Extracted records

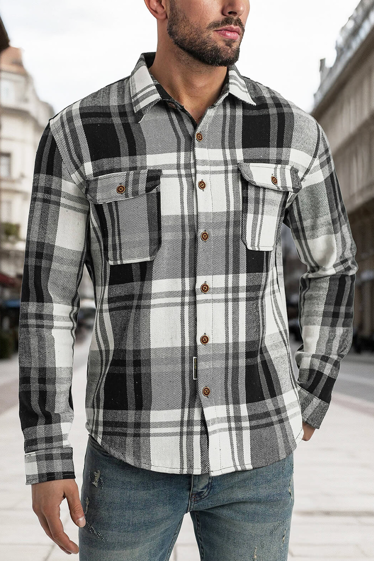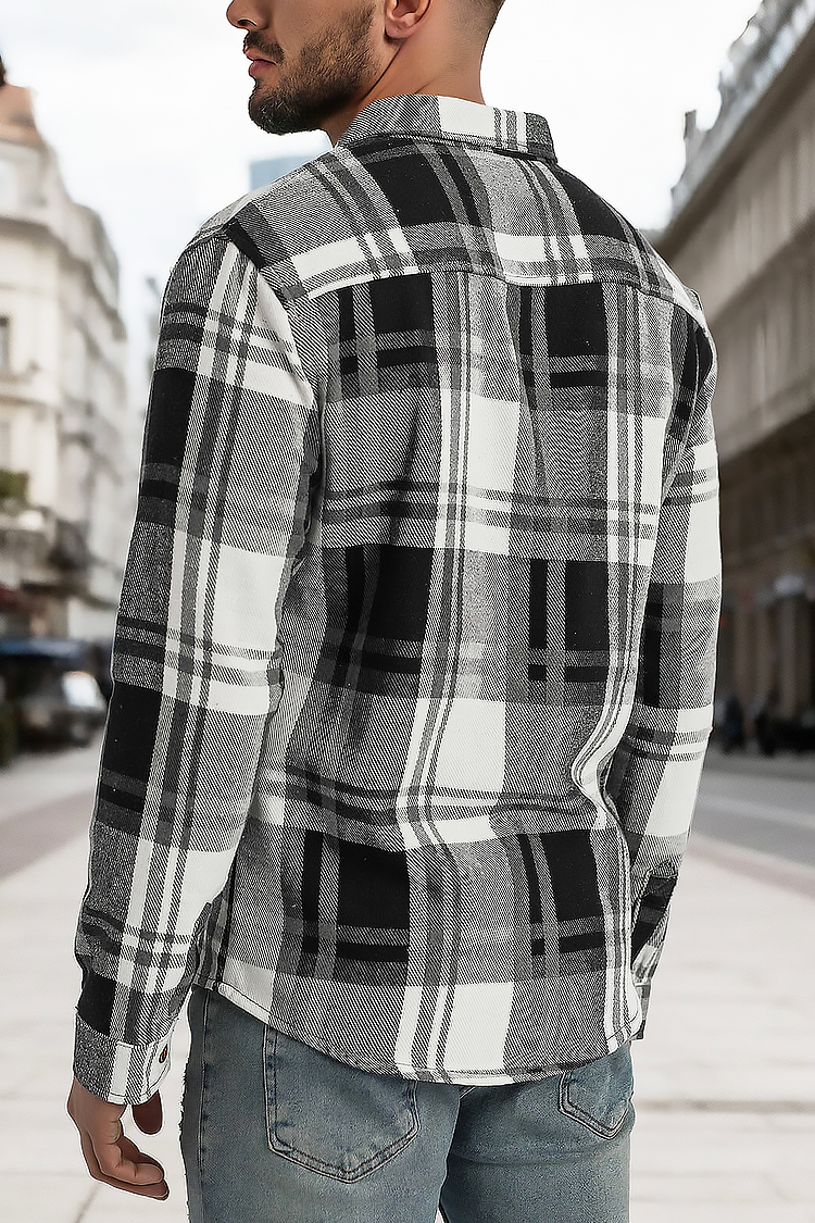 - Стилна мъжка риза с кариран дизайн, подходяща за различни модни съчетания.
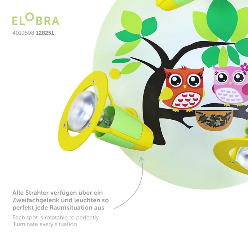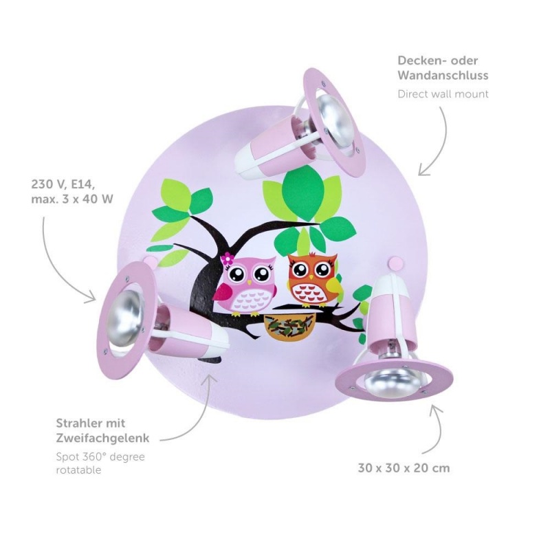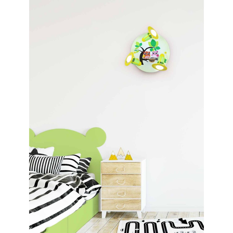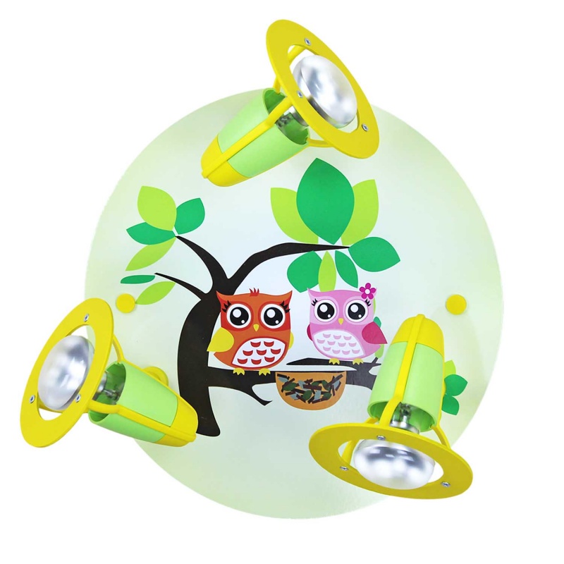 Φωτιστικό Τοίχου-Οροφής Κουκουβάγια Πράσινο OwlΤο φωτιστικό με χαριτωμένες κουκουβάγιες δημιουργεί υπέροχο φωτισμό στο δωμάτιο του μικρού σας ήρωα. Τα σποτ μετακινούνται.Κατασκευάζεται με αγάπη στη Γερμανία από φυσικό ξύλο. Επιπλέον πληροφορίες:Βάρος: 0,5 kg Διαστάσεις: 30 x 30 x 20 cm Χρώμα πράσινο Υλικό: ξύλο Τάση: 230 V Λαμπτήρες: 3 x E14 Μέγιστη ισχύς: 40 watt
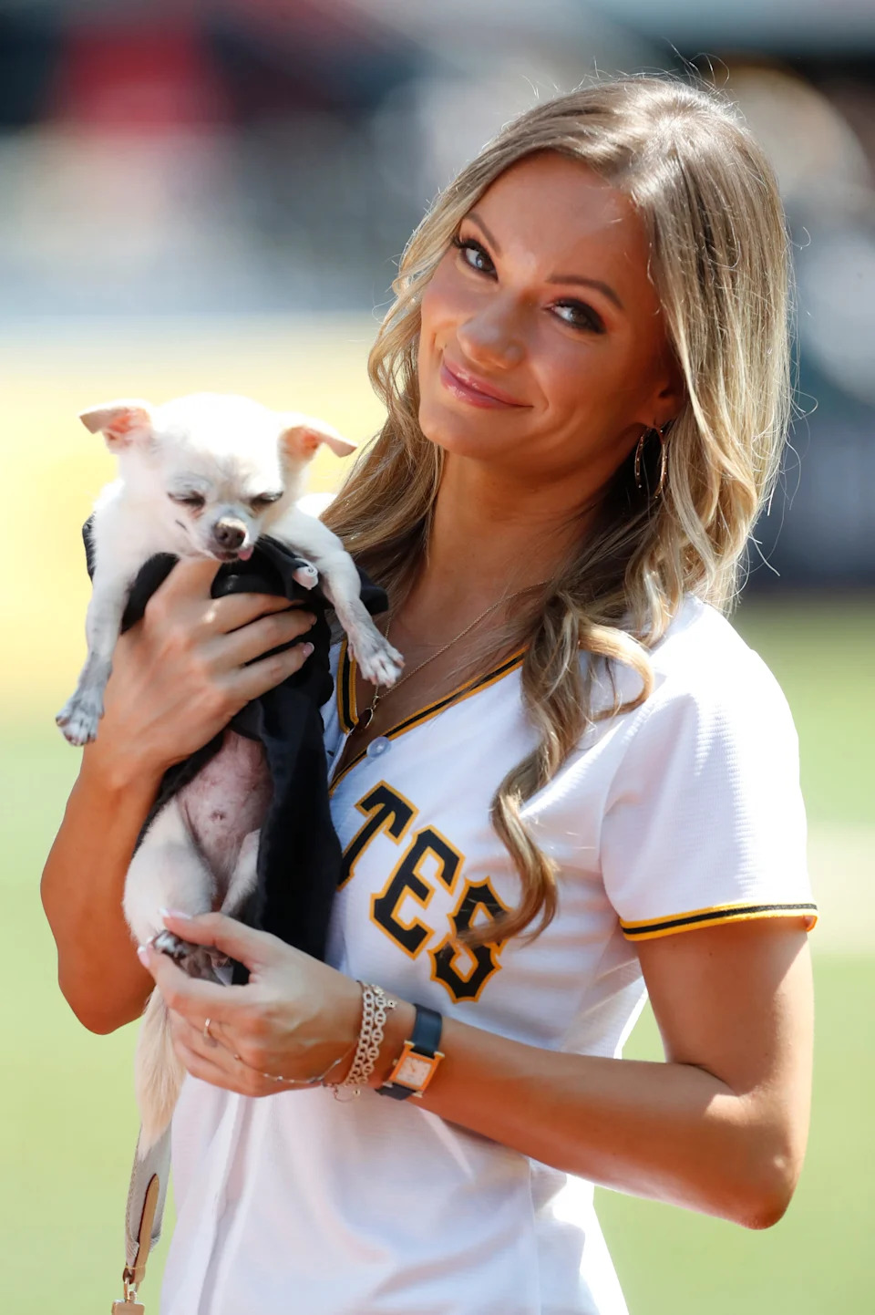 Aug. 28, 2024: Television actress Caitlin O’Connor holds her dog Bubbles on the field prior to the Pittsburgh Pirates playing the Chicago Cubs at PNC Park.
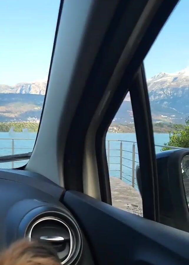 view from inside a car, looking out towards a body of water and a mountain in the distance. The water is calm and blue, reflecting the clear, bright sky above. A line of fencing runs along the edge of the water. In the background, a large mountain range is visible, partially covered with snow on its peak. A small town or settlement is nestled at the foot of the mountains. The interior of the car is partially visible, including the dashboard and an air vent. A small patch of fluffy brown fur appears near the bottom of the frame, possibly a pet dog. As the camera angle shifts slightly, a side mirror comes into view, reflecting the surrounding environment.
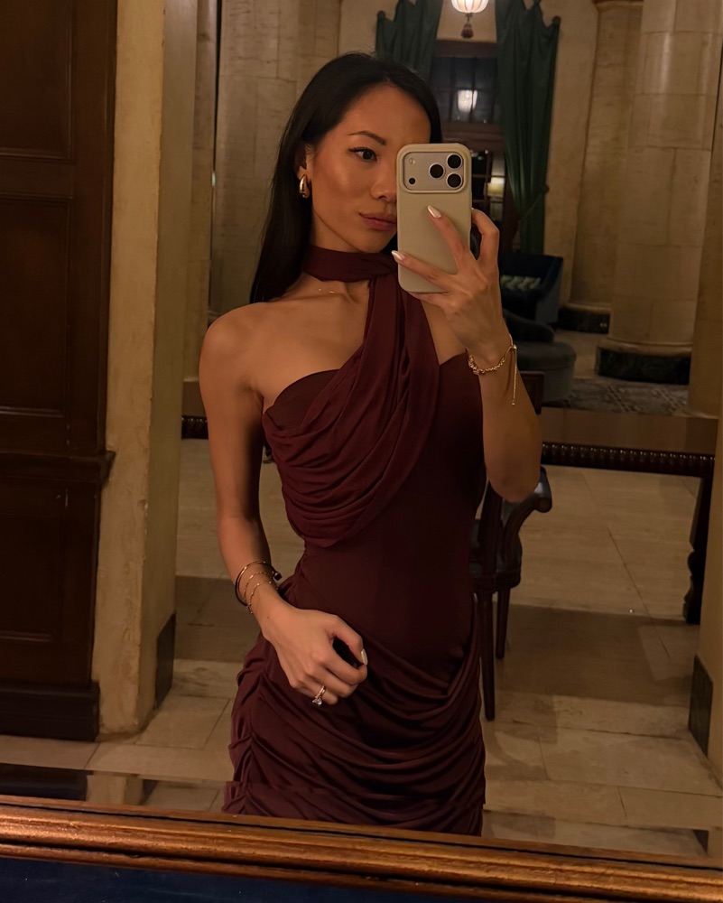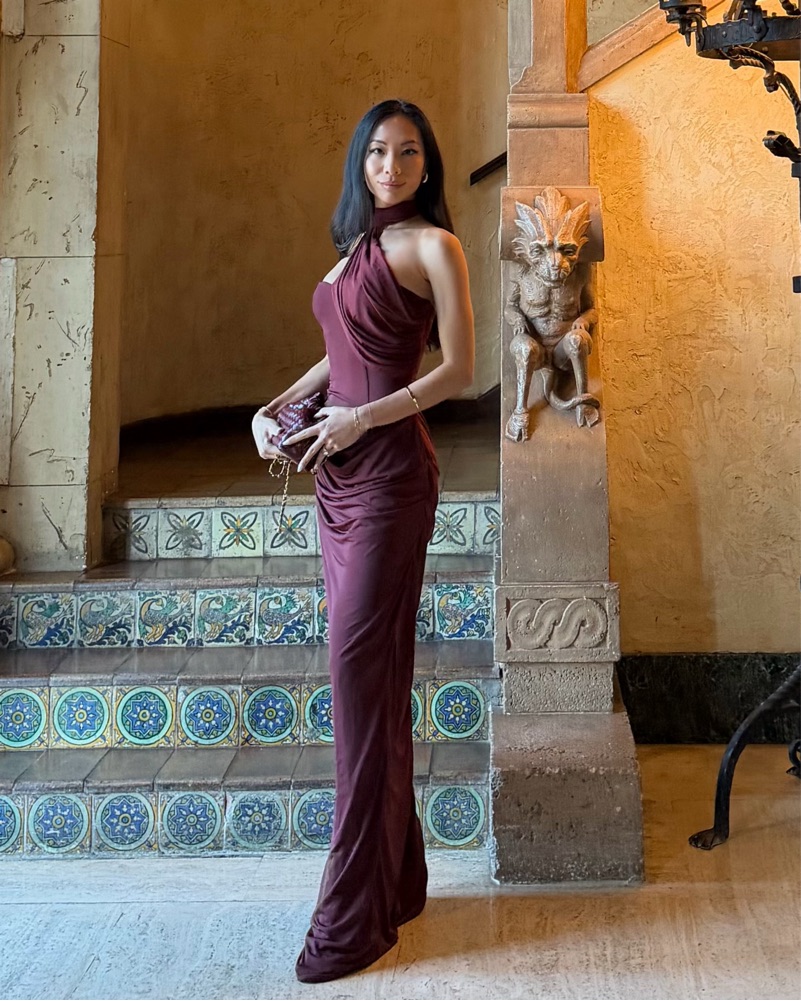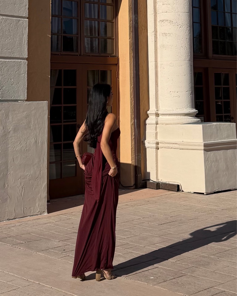 Burgundy Mattea slinky mesh maxi dress with scarf
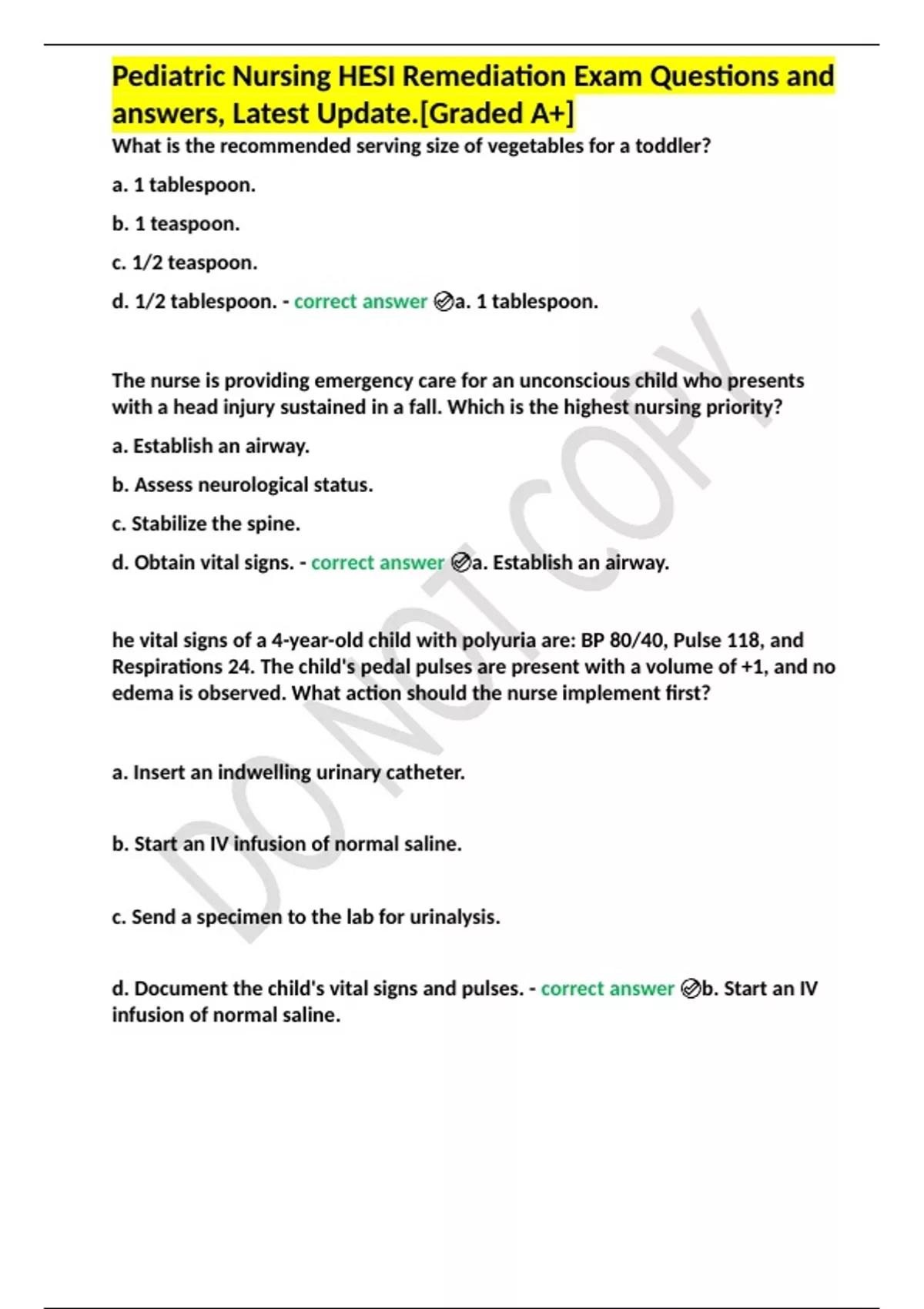 - Pediatric Nursing HESI
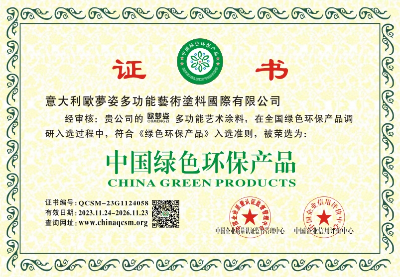 当前位置:首页 > 证书查询 > 意大利欧梦姿多功能艺术涂料国际有限公司

● WORK TO BE COMPLETED: The pictures stay out; repeat exactly the lines from the one with "- Pediatric Nursing HESI" to the end of the entries above, and nothing else.

● EXPECTED ANSWER:
 - Pediatric Nursing HESI
 当前位置:首页 > 证书查询 > 意大利欧梦姿多功能艺术涂料国际有限公司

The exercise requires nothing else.